▶ [WORK INSTRUCTIONS]
I would like the lines below, from the one with "Each gift to" through the one with "Putting surfaces are", copied exactly and without any pictures.

[Records excerpted from a collection]

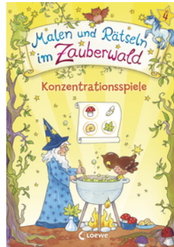
Drawing and Puzzle-solving in the Enchanted Forest - Concentration Games
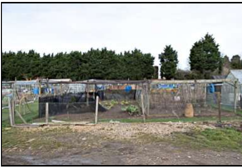
DSCF8867 ISO 400 X-T3 1/500 sec at
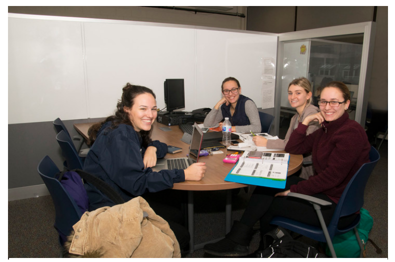
Pods feature writable walls and plenty of ports and privacy for Abington students to successfully collaborate.

"Students particularly like them and the ability to extensively use whiteboards and other white surfaces to share their work," she said.
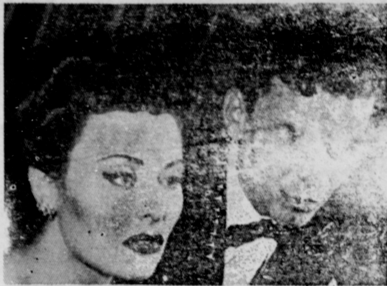
Michele Morgan and Frank Sinatra are co-starred with Jack Haley in the newest and greatest musical, "Higher And Higher," with Leon Errol.
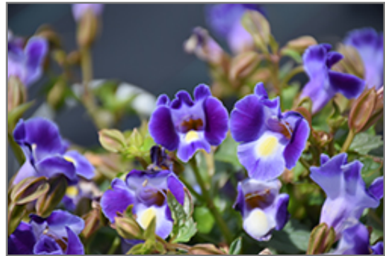
Catalina Midnight Blue Torenia flowers
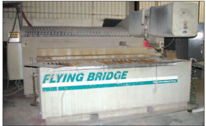
FLOW INTERNATIONAL "FLYING BRIDGE" MDL. I-4800 WATERJET
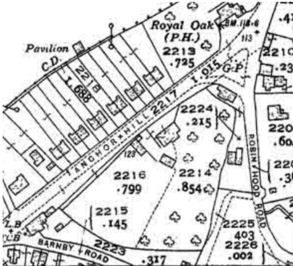
The 1935 Ordnance Survey 25' Map, shows the White House with its substantial grounds on the south side of Anchor Hill, between Barnaby Road and Robin Hood Road.
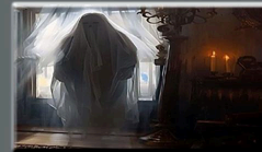
The Spirit of Christmas or The Story of Ernestina Scrooge December 4, 5 & 6

Call For Tickets 508-764-4531 Online at https://gateway-players.ticketleap.com
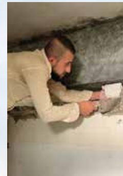
HOUSE RESTORATION - VILLAT

Each gift to One Great Hour of Sharing helps improve the lives of the suffering and the vulnerable through three life-saving programs ~
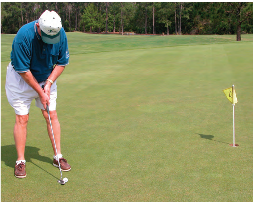
Putting surfaces are the most intensely managed pieces of real estate on the golf course.

Like most superintendents today, Ondo uses a combination of granular and liquid fertilizer applications to feed the turf. During normal operations he likes to apply a granular 10-1-10 from Howard Fertilizer and he switches to Harrell's 18-2-18 during transition. His liquid arsenal includes alternating blends of potassium nitrate at 10 lb./acre, 15-0-0 at 4 oz./1000 sq. ft. and a product called NPK also at 10 lb./acre.
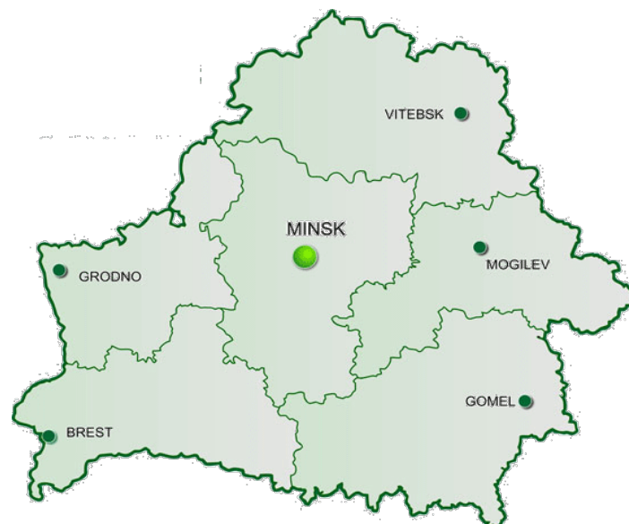
Pic.1. Supply base of JLLC «Dimsania» - Republic of Belarus

JLLC «Dimsania» is a woodworking enterprise located in the Republic of Belarus. The main activity of JLLC «Dimsania» is the production of wood pellets. For the production of pellets, the company only uses sawdust procured from FSC-certified suppliers (sawmills) and Forest management units (leshozes) in the Republic of Belarus. The feedstock delivery to the production location is carried out with the company’s own transport.
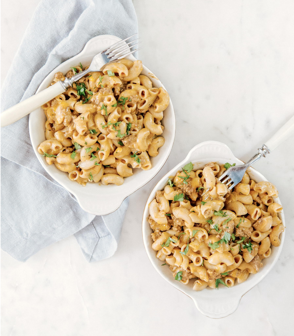
One-Pot Hamburger Helper
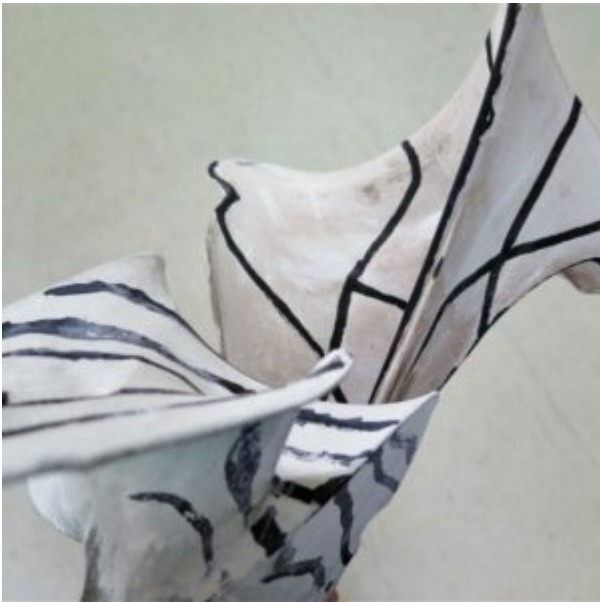
Wet Strength Tissue Paper Cups

▶ [OUTPUT OF THE EXERCISE]
Each gift to One Great Hour of Sharing helps improve the lives of the suffering and the vulnerable through three life-saving programs ~
Putting surfaces are the most intensely managed pieces of real estate on the golf course.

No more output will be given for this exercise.